Friday, January 18, 2008

Taking its toll

We were cruising on the autopista on a day trip to Sarchí when we approached a toll booth, and traffic halted. A long stretch of cars and trucks was ahead of us, and we were certain we were in for an interminable wait. We watched street vendors weave between cars, hawking everything from mangoes and bottled water to cowboy hats, sunglasses, and car phone adapters. As we inched our way along, and I fumbled for the 75 colones (about 15 cents) to pay the toll, we wondered aloud how long we’d be caught waiting.

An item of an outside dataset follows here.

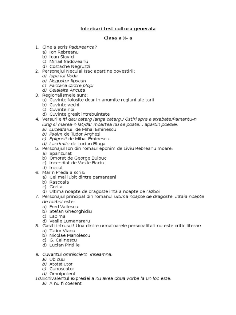 Test cultura generala academia nationala de informatii. Cultura generala reprezinta ansamblul structurat al rezultatelor materiale si spirituale ale activitatilor de transformare si adaptare a mediului natural si social la nevoile, trebuintele si aspiratiile oamenilor. Destept cultura generala iq intrebari si raspunsuri destept cultura generala iq toate intrebarile si raspunsurile jocul poate fi descarcat de pe google play.

Suddenly, the cars in front of us began to fly ahead. Dan punched the gas, and soon we were sailing through the toll booth, 75 colones still in hand. The money collectors remained in their booths while a handful of policemen animatedly waved us through.

Wow! This was such an unexpected surprise—it was our lucky day! No more waiting, no paying the meager toll, no little slip of amber paper (to promptly shove in the ashtray) indicating we paid our dues—weren’t we special? We later learned that when the waiting traffic line reaches about a kilometer, the government forfeits the toll money and lets drivers pass.

Here in Costa Rica, we’re living on Tico time—the pace of life is slower. Waiting is not seen as an exercise in frustration; punctuality is completely unexpected. Nothing moves at a frenetic pace … except the traffic. Driving in Costa Rica is not for the fainthearted. In a surprising juxtaposition, soft-spoken, kind-hearted, slow-moving Ticos become hurried, maniacal fiends when they get behind the wheel. Perhaps it’s for this reason that they open the tolls when traffic is congested. Tico time does not apply on the pista.